Research Stories
Developed a novel photoredox catalytic system, PC-Tz
Chemistry
Prof.
LEE, JINYONG
Jong Hyeon Lim
The research team led by Prof. Jin Yong Lee of the Department of Chemistry (co-first author Ph. D. Jong Hyeon Lim) has developed a novel photoredox catalytic system, PC-Tz, based on bioorthogonally activatable photoredox catalysis through collaborative research with research teams led by Prof. Mingle Li (Shenzhen University), Prof. Joseph Fox (University of Delaware), Marc Vendrell (University of Edinburgh), and Prof. Jong Seung Kim (Korea University). The research was published in Journal of the American Chemical Society (IF: 14.4) in December 2024 under the title "Bioorthogonal Activation of Deep Red Photoredox Catalysis Inducing Pyroptosis."

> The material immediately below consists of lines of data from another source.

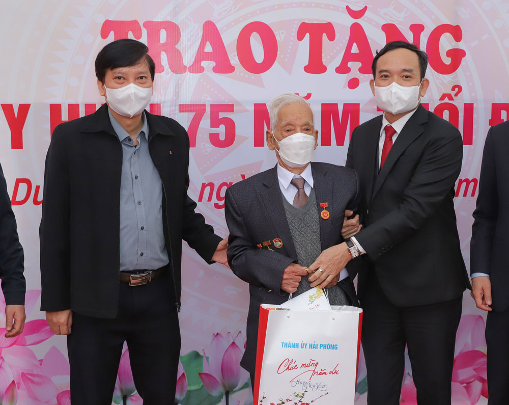 Tại quận Dương Kinh, đồng chí Bí thư Thành ủy đến trao tặng Huy hiệu 75 năm tuổi Đảng đợt 3/2/2022 cho đồng chí Đỗ Tuấn Thành, Trung tá Quân đội nghỉ hưu, nguyên Bí thư Đảng ủy xã Hưng Đạo (nay là phường Hưng Đạo), quận Dương Kinh (95 tuổi, hiện đang sinh hoạt tại Đảng bộ quận Dương Kinh, tại phường Hưng Đạo, quận Dương Kinh).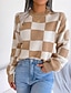 Naisten Neulos Tyylikäs Muoti Katutyyli Kuvitettu Geometrinen Skottiruutukuvio V kaula-aukko Kudottu Pitkähihainen Tavalliset topit Neuloa Viikonloppu Punastuvan vaaleanpunainen Vaalean ruskea Kevät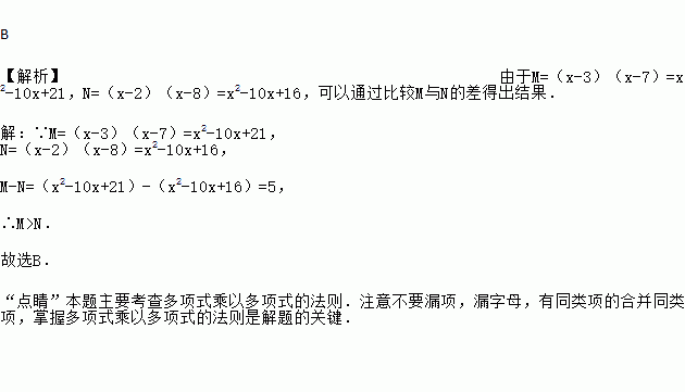 B 【解析】由于M=(x-3)(x-7)=x2-10x+21,N=(x-2)(x-8)=x2-10x+16,可以通过比较M与N的差得出结果. 【解析】 ∵M=(x-3)(x-7)=x2-10x+21, N=(x-2)(x-8)=x2-10x+16, M-N=(x2-10x+21)-(x2-10x+16)=5, ∴M>N. 故选B. “点睛”本题主要考查多项式乘以多项式的...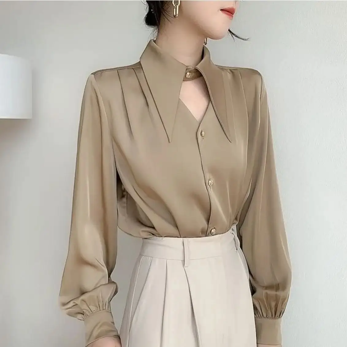 Women's Satin Shirt Spring Autumn Korean Temperament Long-sleeved Button-down Shirts Office Lady Work Wear Female Blouses Top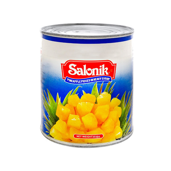 کمپوت آناناس 3035 گرمی سالونیک (تیکه)Salonik Canned Pineapple Chunks in Syrup-3035g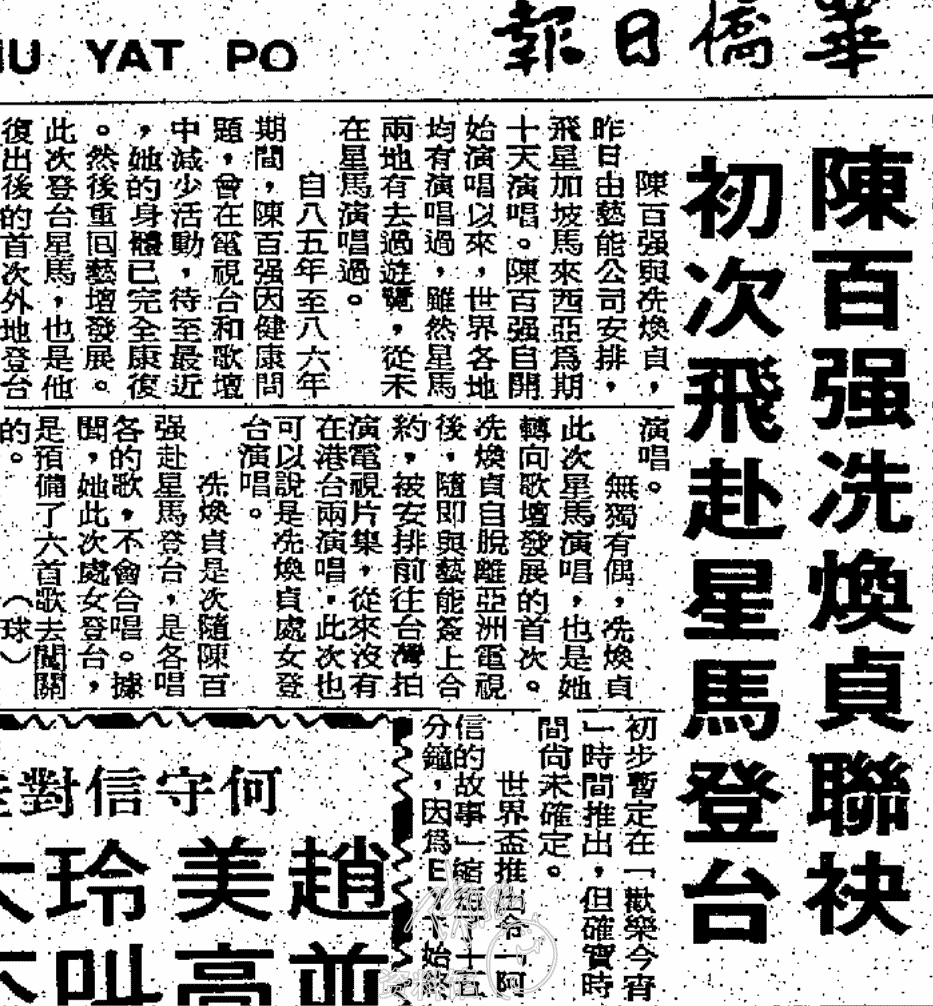 1986.05.14 陳百強冼煥貞聯袂 初次飛赴星馬登台 華僑日報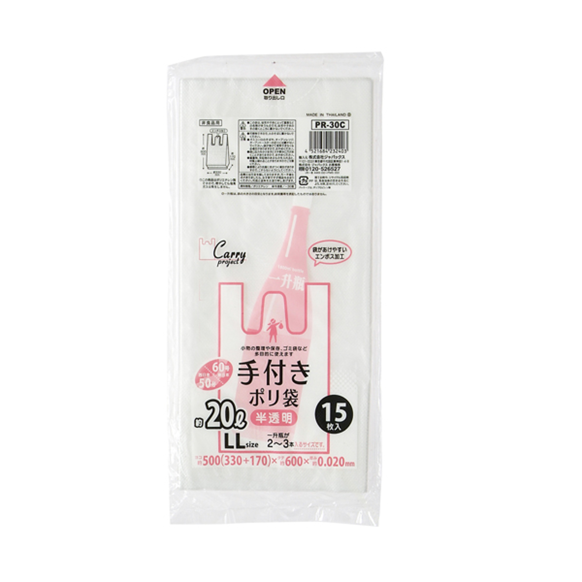 ポリ袋 20L 15枚入り 手付き 半透明 ( ビニール袋 縦60×横33cm 取っ手付き マチ付き カサカサ レジ袋 ゴミ袋 消耗品 日用品 キッチン用品 )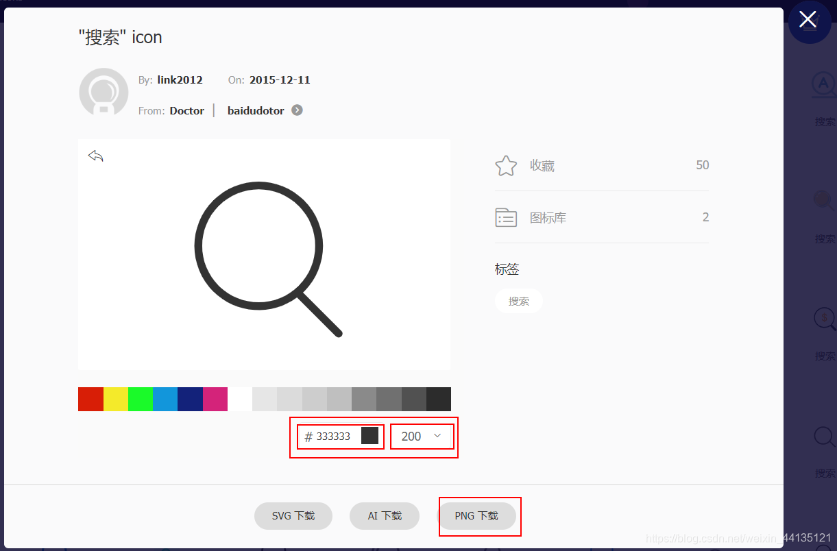 7. 再点击一下下载按钮,出现如下图,选择颜色和尺寸,点击 “PNG下载”;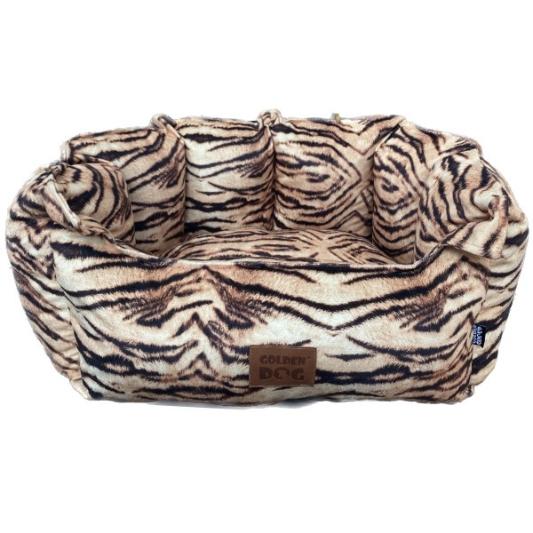 Produkty Golden Dog cechują się wysokiej jakości legowiskami dla psów i kotów. Wybierane są u nich najlepsze tkaniny i wypełnienia zapewniające zwierzętom ciepło i komfort. Wszystkie produkty Golden Dog szyte są z najwyższą starannością, dając trwałość i niezawodność. Legowisko Korona Lux wykonane jest z tkaniny poliestrowej typu aksamit. Legowisko składa się z boków i spodu wypełnionych wkładami z granulatem piankowym. Posłanie posiada zdejmowalny pokrowiec, który jest na zamku błyskawicznym. Umożliwia to wyczyszczenie samego pokrowca w temp. 30 stopni. Dno wykonane jest z włókniny polipropylenowej.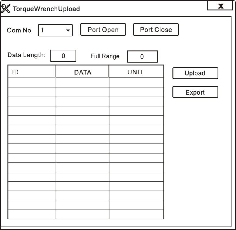 使用制造商提供的光盤,在電腦上安裝好通訊軟件,然后在數顯扭矩表開機狀態下用數據線連接數顯扭矩表和電腦,雙擊軟件圖標,打開軟件,先選擇“Com No(端口號)”,再點擊“Port Open”,然后點擊“Upload”,這時表格上會出現本儀器內的存儲數據,表示上位機已連接成功,已達到讀取存儲數據的目的。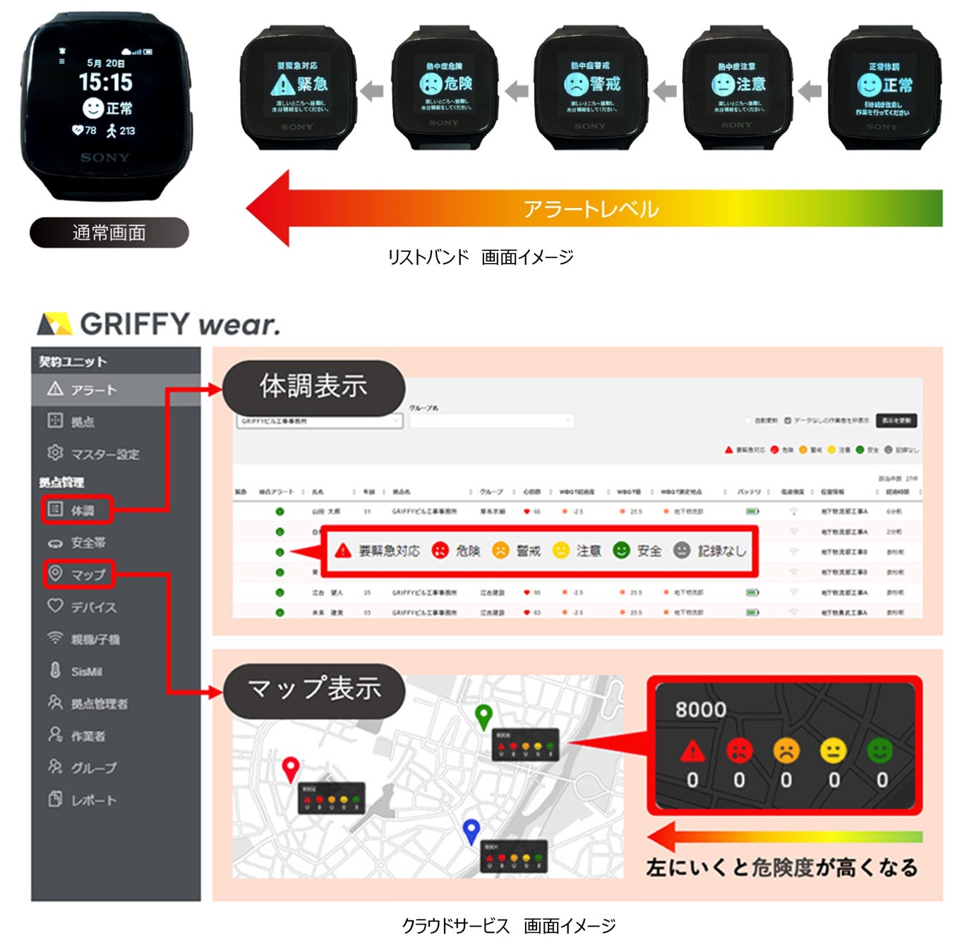 ○株式会社大林組と共同開発を行い、2024年に大林組が施工する約60現場、約3,000人の作業員に導入された「GenVital」と同様、大林組が開発した体調管理判定アルゴリズムを使用します。その上で、心拍数を計測するリストバンド※から、専用クラウドサービス「GRIFFY wear.」に直接LTE通信でデータを送ることで、リストバンドを現場作業員が装着するだけで使用可能です。

Traditional photodynamic therapy (PDT) has been established as an important technique in cancer treatment, but its therapeutic efficacy has been limited by low activation efficiency and biocompatibility issues in hypoxic environments. To address these challenges, this study introduces an innovative bioorthogonal photoredox catalytic technology. The PC-Tz system employs a unique design where its catalytic activity is suppressed by the 1,2,4,5-tetrazine structure and restored through selective reactions with trans-cyclooctene (TCO) within cells.
The developed PC-Tz system promotes the oxidation of nicotinamide adenine dinucleotide (NADH) in a selective activation mechanism, effectively manipulating the mitochondrial electron transport chain (ETC) under hypoxic conditions in cancer cells. Professor Lee’s team utilized density functional theory (DFT) and time-dependent density functional theory (TD-DFT) calculations to investigate the effects of TCO binding on the activation of the photoredox catalysis of PC-Tz. Moreover, the team employed a conductor-like polarizable continuum model (CPCM) to optimize the structural changes of PC-Tz before and after TCO binding, elucidating the energy state transitions and reaction mechanisms induced by light irradiation. This novel photoredox catalytic system is expected to contribute significantly to advancements in light-controlled therapeutic strategies for cancer, paving the way for the precise design of bioorthogonal photoredox catalysts for future medical applications.
*Title: Bioorthogonal Activation of Deep Red Photoredox Catalysis Inducing Pyroptosis.